Мусоргского успокаивали, шикали, боялись скандала, полиции, и потому именно, что его удерживали, он кричал еще свирепее, с трясущейся мокрой бородой, смахивая руками бутылки:
– Врешь! Не замолчу… Куда Святую Русь загнали? Попсовали задворками европейскими… В чем гений народа, вдохновение?
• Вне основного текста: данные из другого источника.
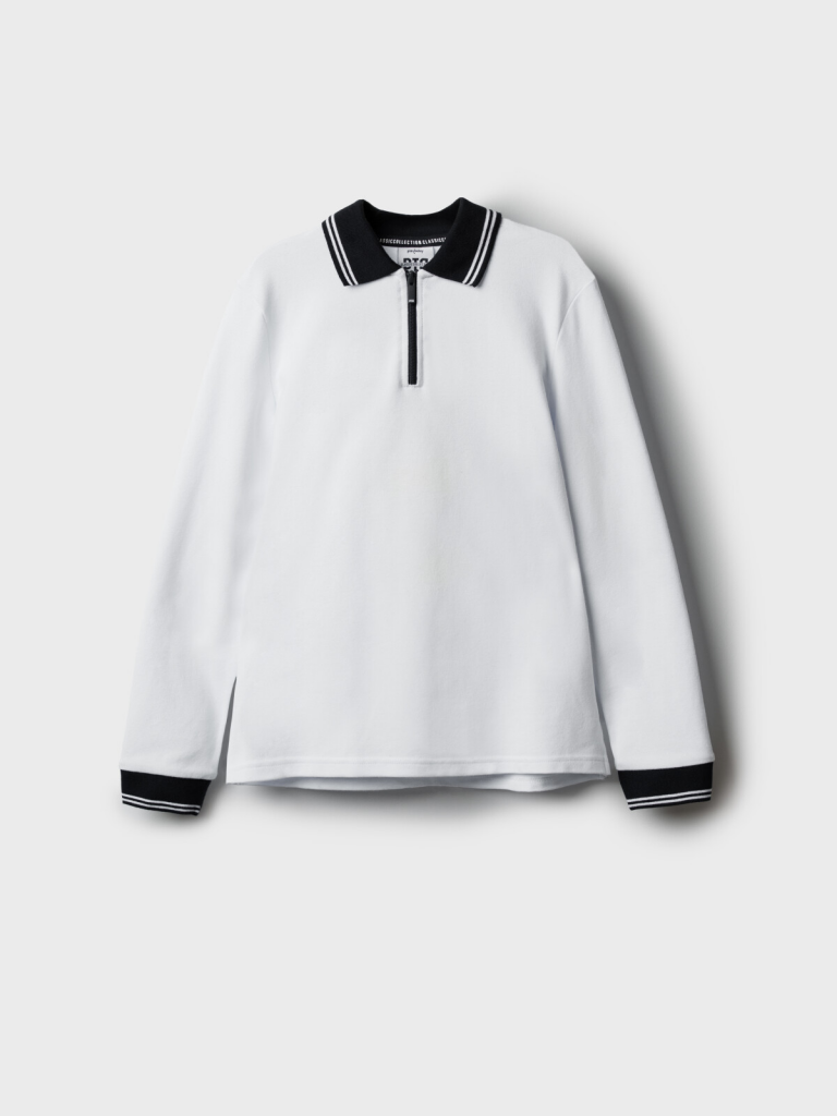 Классическое белое поло с длинным рукавом для мальчикаИдеальный вариант для школы - стильное и практичное белое поло с длинным рукавом станет универсальной основой школьного гардероба. Модель выполнена из качественного хлопкового пике, что обеспечивает комфорт в течение всего учебного дня.Ключевые особенности:+ Застежка по полочке на молнию - удобно надевать и регулировать воротник+ Классический крой regular - комфортная посадка без стеснения движений+ Дышащая ткань пике - приятная к телу и износостойкая+ Универсальный белый цвет - легко комбинируется со школьной формойПочему стоит выбрать:Строгий и опрятный вид - подходит для мальчика-школьника и подросткаУдобная застежка и качественные материалыПодходит как в школу, так и для повседневной носкиДополните школьный образ этим стильным поло - ваш ребенок будет выглядеть аккуратно и чувствовать себя комфортно!
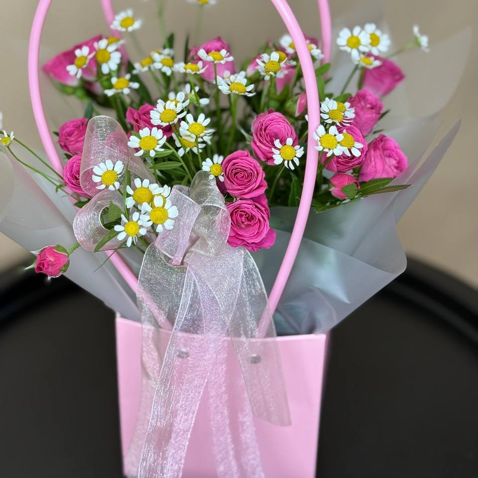 Коробка с цветами «Сумочка с кустовой розой и ромашками»

Никто больше не знает… Где Святая Русь… А, пугало петровское… Ужо, всех нас народ предаст, за самое первое, что станет ему понятнее, ближе, чем ваш фельдцейх, фельдцейх…
А то, вращая глазами в полопавшихся жилках, рассказывал с презрительной усмешкой, как какой-нибудь высокий покровитель выпрашивал у него музыку:
– Он у меня «Хованщину» за двадцать пять целковых выклянчил… Я ему бросил ее: на, подлец, жри… А он в парадном фраке, со звездой, превосходительство, у меня в ногах, в ногах, на коленках ползал, собирал листки… Потом, ничего, почистил превосходительские штаны: «И чего вы, любезный Модест Петрович, шумите», – двадцать пять целковых отвалил…
Может быть, так было, может быть, нет, но он с жадным удовлетворением, точно хвастаясь, повторял: «Двадцать пять целковых отвалил».
Но чаще, и целыми месяцами, он сидел в «Малом Ярославце», тихий, рассеянный, как бы погасший. Тогда было заметно, как ему все равно на случайных собутыльников, и на то, что он сам кричал намедни об искусстве, музыке, России.
Потягивая вино в своем углу у лестницы, он затихал, потому что ему надоедало представляться.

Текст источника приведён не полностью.